(Saved data entries)
[Start of Attachment]
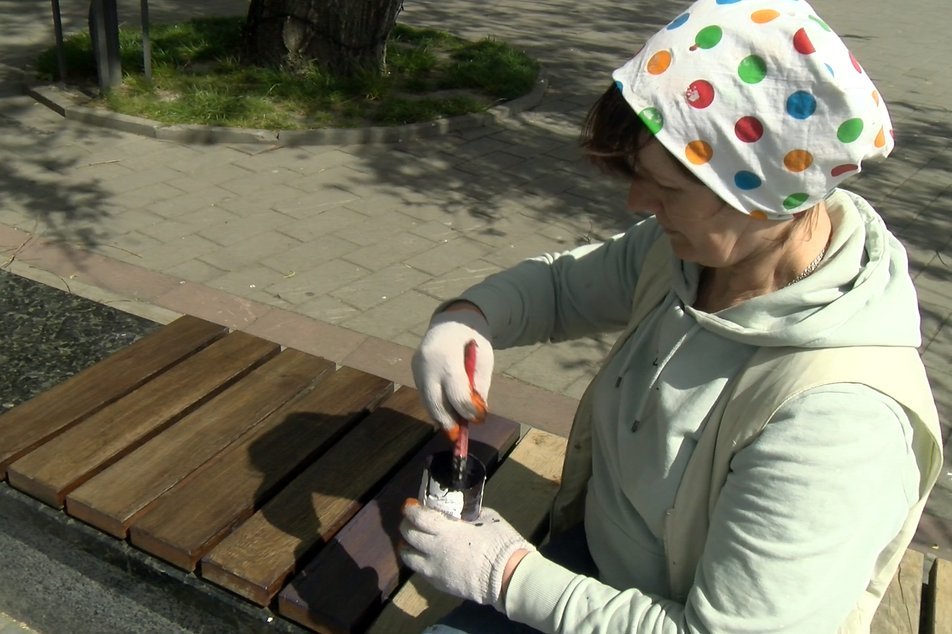 Територію навколо фонтану теж прибирають. Працівниця Любов Щибор разом із колежанками лакує лавки.«Дуже часто приїжджаємо і сміття стільки тут – жах! Листя, недопалки, палички різні, корки від пляшок. Смітник же стоїть, тяжко підійти і кинути? Могли би бути культурнішими гості та лучани наші», – каже жінка.
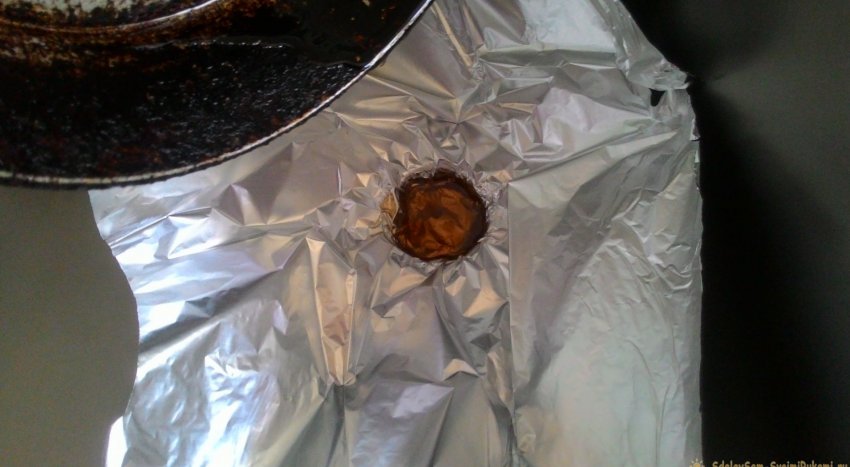 Что делать? Прежде чем «освободиться» от масла, оторвите кусок фольги и вставьте его в сливное отверстие. Выливайте масло на фольгу.
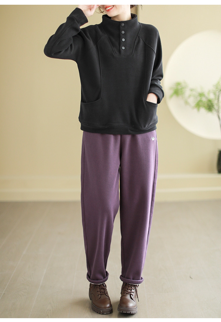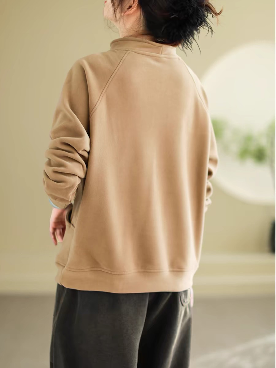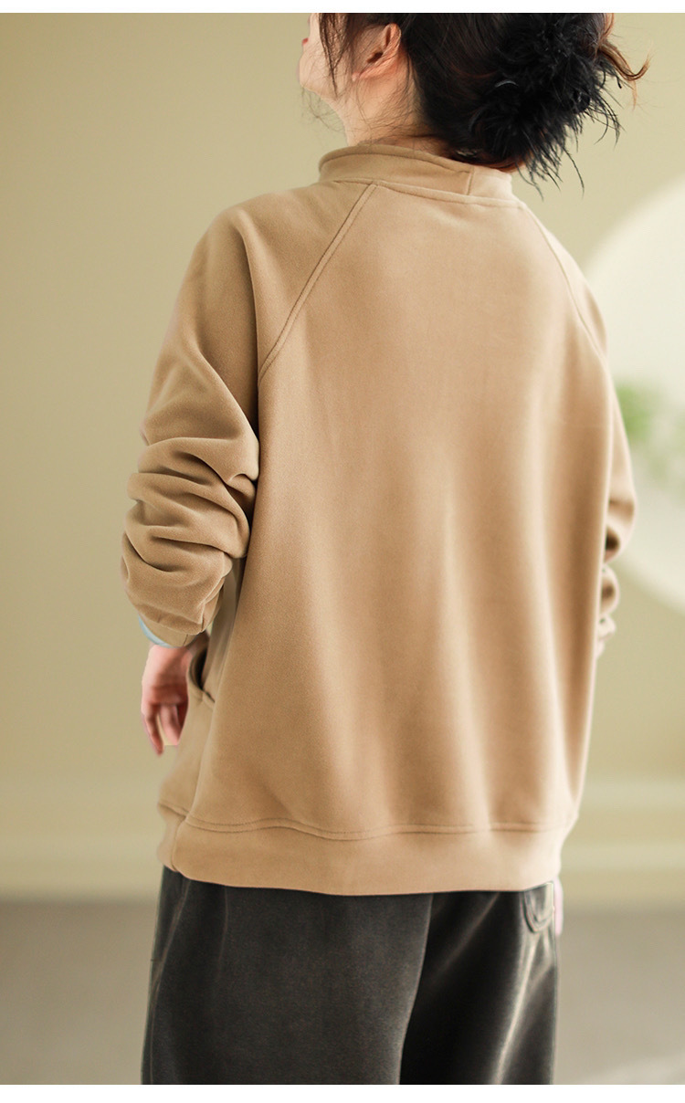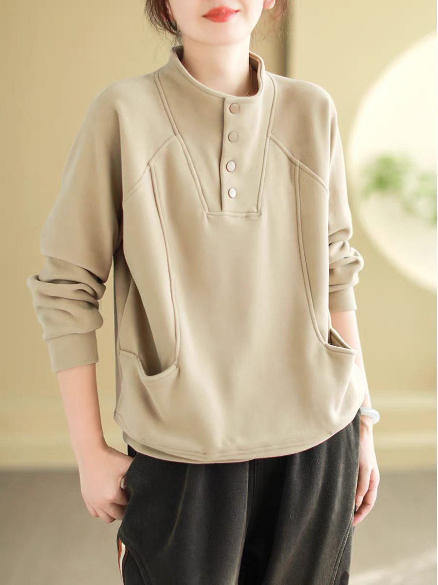 벨벳 하프 하이 칼라 버튼 따뜻한 스웨터 여성의 느슨한 한국 스타일 고기 커버 모든 경기 디자인 센스 포켓 스티칭 탑 트렌디
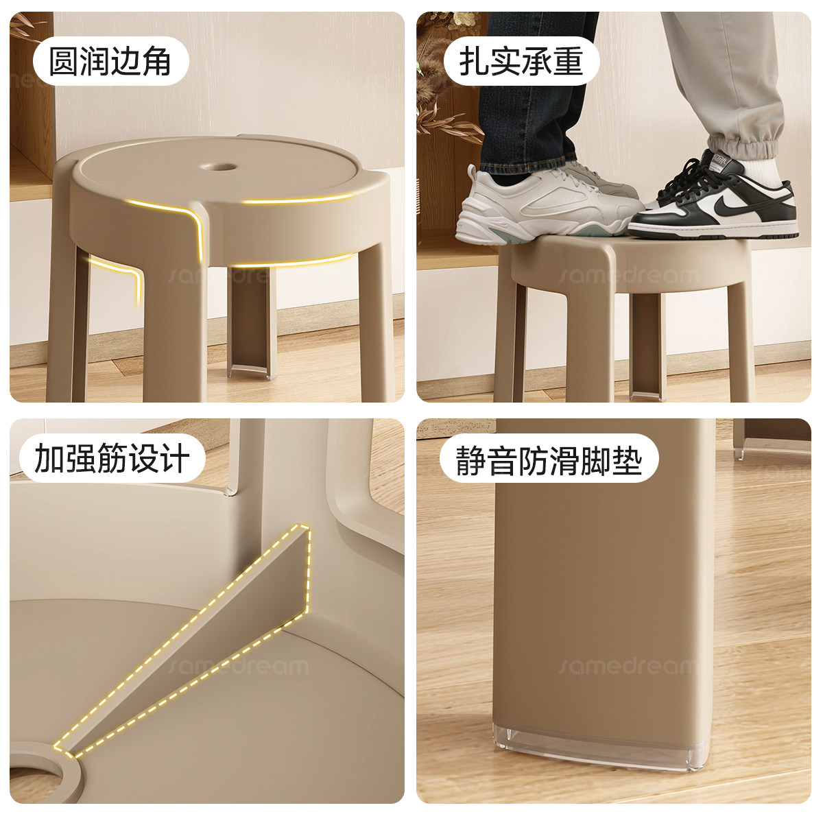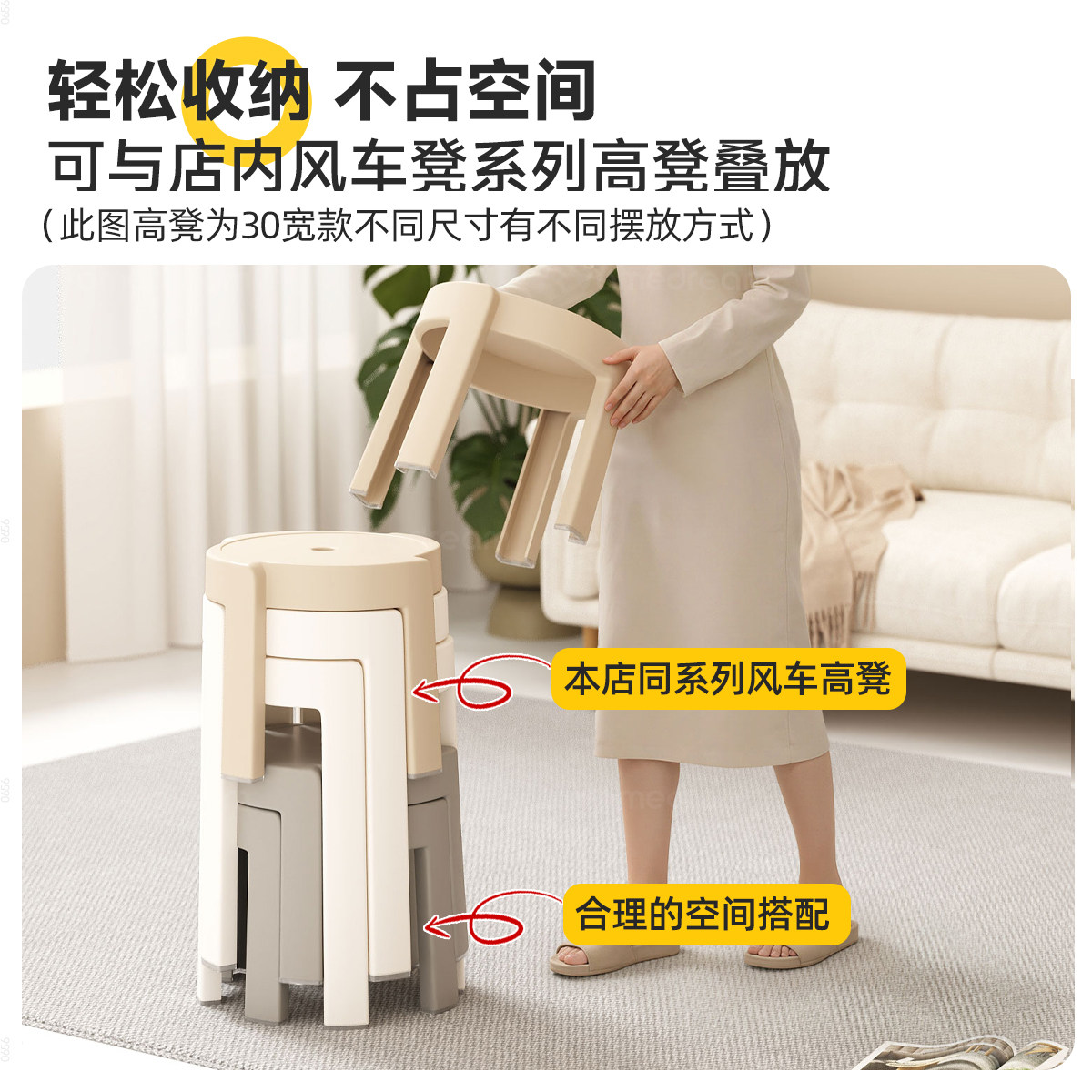 📚 塑料小凳子家用可叠放加厚矮凳结实耐用高级板凳客厅餐桌备用圆凳
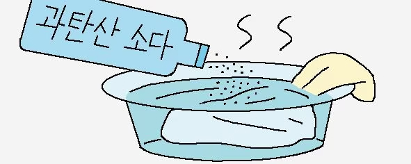 黄色く変色してしまった服は、お湯に過炭酸ソーダを溶かし、30分以上浸してから洗濯機で洗うと白くなる。
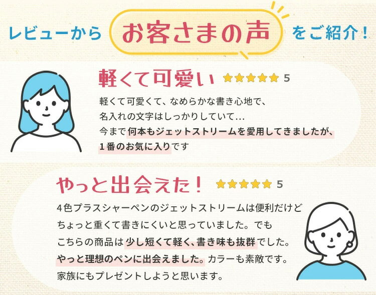 ▼ほかのジェットストリームシリーズを見る▼ ボールペン 名入れ ジェットストリーム4&1 多機能ペン ライトタッチインク搭載 三菱鉛筆 uni JETSTREAM Lite touch ink 実用的で気持ちも上がるプレゼント 【名前入り】の特別なギフト 名入れ筆記具 なめらかな書き心地の油性ボールペンとして絶大な人気を誇る「ジェットストリーム」の多機能筆記具 仕事、勉強、手帳のお供、これがあれば安心の一本 名前を入れて特別な贈りものに ★『JETSTREAM Lite touch ink(ジェットストリーム ライトタッチインク)』は、 従来のジェットストリームインクよりさらに筆記抵抗を減らし、よりストレスの無い安定した”かろやか”な書き心地を実現した新インクです。 時代や環境により「書く・描く」シーンが多様化する中で生まれた、JETSTREAMの新しい選択肢です。 ★選べる書体とマークで、特別な名入れをオーダーメイド! 職場で、自宅で、カフェで、取り出すだけでほっこり癒される、刺しゅうのようなカラーマーク名入れ 自分へ、友人へ、職場や学校、部活の先輩・後輩へ、お祝いやお礼の気持ちを込めたプレゼントにもぴったりです 自分や贈る相手の好みに合わせて楽しく選べる名入れギフト 入学祝 卒業祝 就職祝 誕生日 父の日 母の日 記念品 記念日 結婚祝 結婚記念日 送別会 餞別 御祝 内祝 名入れペン 名前入り 卒業記念品 卒団記念品 部活 野球 バスケット サッカー バレーボール 女性 男性 小学生 中学生 高校生 小学校 中学校 高校 国内メーカー 筆記具 ジェットストリーム 名入れ ボールペン ライトタッチインク ジェットストリーム 名入れ ボールペン ライトタッチインク はギフトにおすすめ ジェットストリーム 名入れ ボールペン ライトタッチインク は自分用へのプレゼントに ジェットストリーム 名入れ ボールペン ライトタッチインク はくすみカラーが魅力 ジェットストリーム 名入れ ボールペン ライトタッチインク は書体の種類も豊富! ジェットストリーム 名入れ ボールペン ライトタッチインクは当店の人気商品! ジェットストリーム 名入れ ボールペン ライトタッチインク を買うなら当店で! [u01][u03][u04][u07][u08][v02]ナチュラルなワンポイントマーク ※画像内のマークはこちらの商品では選択不可能なマークとなっています 💐 姉妹店「REGALO」では別デザインで販売中モチーフに思いを込める【Wishシリーズ】 💐 ▼ ギフトラッピング(※有料)に対応しています ▼ 三菱鉛筆 [uni]ジェットストリーム 多機能ペン 4&1 (Lite touch ink 搭載) 品名 MSXE5-LS-05 機構 ノック式 5機能ペン0.5mm 4色(黒・赤・青・緑)油性 ボールペン + 0.5mmシャープペン※商品、付属品、ケース等の仕様、デザインは予告なく変更になる場合がございます。 JETSTREAMLite touch ink 『JETSTREAM Lite touch ink(ジェットストリーム ライトタッチインク)』とは、従来のジェットストリームインクよりさらに筆記抵抗を減らし、より”かろやか”な書き心地を実現した新インクです。またインクのボテや紙すべり(※)をさらに改良し、よりストレスの無い安定した筆記を提供します。時代や環境により「書く・描く」シーンが多様化する中で生まれた、JETSTREAMの新しい選択肢です。※紙質などの条件により、ボールがすべり筆記しにくい現象 替芯 SXR-L80-05JETSTREAM Lite touch ink 多色多機能用リフィル★ 既存の替芯との互換性あり。替芯「SXR-80-05/07/038」もお使いいただけます。 ◆ ライトタッチインク替芯 [ SXR-L80-05 ] 単品はこちら 本体色 ・メローホワイト [MSXE5LS05.1][JAN:4902778313886] ・スチールブルー [MSXE5LS05.71][JAN:4902778313916] ・ミストブルー [MSXE5LS05.79][JAN:4902778313923] ・グラスグリーン [MSXE5LS05.18][JAN:4902778313893] ・コーラルピンク [MSXE5LS05.66][JAN:4902778313909] ・グロスグレー [MSXE5LS05G.23][JAN:4902778345108] ・グロスベージュ [MSXE5LS05G.45][JAN:4902778345115] \定番JETSTREAMはこちら!/
[End of Attachment]
TASK OBJECTIVE:
Each line of the records above must be repeated exactly, but no picture belongs in the copy.

THE COMPLETED TASK:
 Територію навколо фонтану теж прибирають. Працівниця Любов Щибор разом із колежанками лакує лавки.«Дуже часто приїжджаємо і сміття стільки тут – жах! Листя, недопалки, палички різні, корки від пляшок. Смітник же стоїть, тяжко підійти і кинути? Могли би бути культурнішими гості та лучани наші», – каже жінка.
 Что делать? Прежде чем «освободиться» от масла, оторвите кусок фольги и вставьте его в сливное отверстие. Выливайте масло на фольгу.
 벨벳 하프 하이 칼라 버튼 따뜻한 스웨터 여성의 느슨한 한국 스타일 고기 커버 모든 경기 디자인 센스 포켓 스티칭 탑 트렌디
 📚 塑料小凳子家用可叠放加厚矮凳结实耐用高级板凳客厅餐桌备用圆凳
 黄色く変色してしまった服は、お湯に過炭酸ソーダを溶かし、30分以上浸してから洗濯機で洗うと白くなる。
 ▼ほかのジェットストリームシリーズを見る▼ ボールペン 名入れ ジェットストリーム4&1 多機能ペン ライトタッチインク搭載 三菱鉛筆 uni JETSTREAM Lite touch ink 実用的で気持ちも上がるプレゼント 【名前入り】の特別なギフト 名入れ筆記具 なめらかな書き心地の油性ボールペンとして絶大な人気を誇る「ジェットストリーム」の多機能筆記具 仕事、勉強、手帳のお供、これがあれば安心の一本 名前を入れて特別な贈りものに ★『JETSTREAM Lite touch ink(ジェットストリーム ライトタッチインク)』は、 従来のジェットストリームインクよりさらに筆記抵抗を減らし、よりストレスの無い安定した”かろやか”な書き心地を実現した新インクです。 時代や環境により「書く・描く」シーンが多様化する中で生まれた、JETSTREAMの新しい選択肢です。 ★選べる書体とマークで、特別な名入れをオーダーメイド! 職場で、自宅で、カフェで、取り出すだけでほっこり癒される、刺しゅうのようなカラーマーク名入れ 自分へ、友人へ、職場や学校、部活の先輩・後輩へ、お祝いやお礼の気持ちを込めたプレゼントにもぴったりです 自分や贈る相手の好みに合わせて楽しく選べる名入れギフト 入学祝 卒業祝 就職祝 誕生日 父の日 母の日 記念品 記念日 結婚祝 結婚記念日 送別会 餞別 御祝 内祝 名入れペン 名前入り 卒業記念品 卒団記念品 部活 野球 バスケット サッカー バレーボール 女性 男性 小学生 中学生 高校生 小学校 中学校 高校 国内メーカー 筆記具 ジェットストリーム 名入れ ボールペン ライトタッチインク ジェットストリーム 名入れ ボールペン ライトタッチインク はギフトにおすすめ ジェットストリーム 名入れ ボールペン ライトタッチインク は自分用へのプレゼントに ジェットストリーム 名入れ ボールペン ライトタッチインク はくすみカラーが魅力 ジェットストリーム 名入れ ボールペン ライトタッチインク は書体の種類も豊富! ジェットストリーム 名入れ ボールペン ライトタッチインクは当店の人気商品! ジェットストリーム 名入れ ボールペン ライトタッチインク を買うなら当店で! [u01][u03][u04][u07][u08][v02]ナチュラルなワンポイントマーク ※画像内のマークはこちらの商品では選択不可能なマークとなっています 💐 姉妹店「REGALO」では別デザインで販売中モチーフに思いを込める【Wishシリーズ】 💐 ▼ ギフトラッピング(※有料)に対応しています ▼ 三菱鉛筆 [uni]ジェットストリーム 多機能ペン 4&1 (Lite touch ink 搭載) 品名 MSXE5-LS-05 機構 ノック式 5機能ペン0.5mm 4色(黒・赤・青・緑)油性 ボールペン + 0.5mmシャープペン※商品、付属品、ケース等の仕様、デザインは予告なく変更になる場合がございます。 JETSTREAMLite touch ink 『JETSTREAM Lite touch ink(ジェットストリーム ライトタッチインク)』とは、従来のジェットストリームインクよりさらに筆記抵抗を減らし、より”かろやか”な書き心地を実現した新インクです。またインクのボテや紙すべり(※)をさらに改良し、よりストレスの無い安定した筆記を提供します。時代や環境により「書く・描く」シーンが多様化する中で生まれた、JETSTREAMの新しい選択肢です。※紙質などの条件により、ボールがすべり筆記しにくい現象 替芯 SXR-L80-05JETSTREAM Lite touch ink 多色多機能用リフィル★ 既存の替芯との互換性あり。替芯「SXR-80-05/07/038」もお使いいただけます。 ◆ ライトタッチインク替芯 [ SXR-L80-05 ] 単品はこちら 本体色 ・メローホワイト [MSXE5LS05.1][JAN:4902778313886] ・スチールブルー [MSXE5LS05.71][JAN:4902778313916] ・ミストブルー [MSXE5LS05.79][JAN:4902778313923] ・グラスグリーン [MSXE5LS05.18][JAN:4902778313893] ・コーラルピンク [MSXE5LS05.66][JAN:4902778313909] ・グロスグレー [MSXE5LS05G.23][JAN:4902778345108] ・グロスベージュ [MSXE5LS05G.45][JAN:4902778345115] \定番JETSTREAMはこちら!/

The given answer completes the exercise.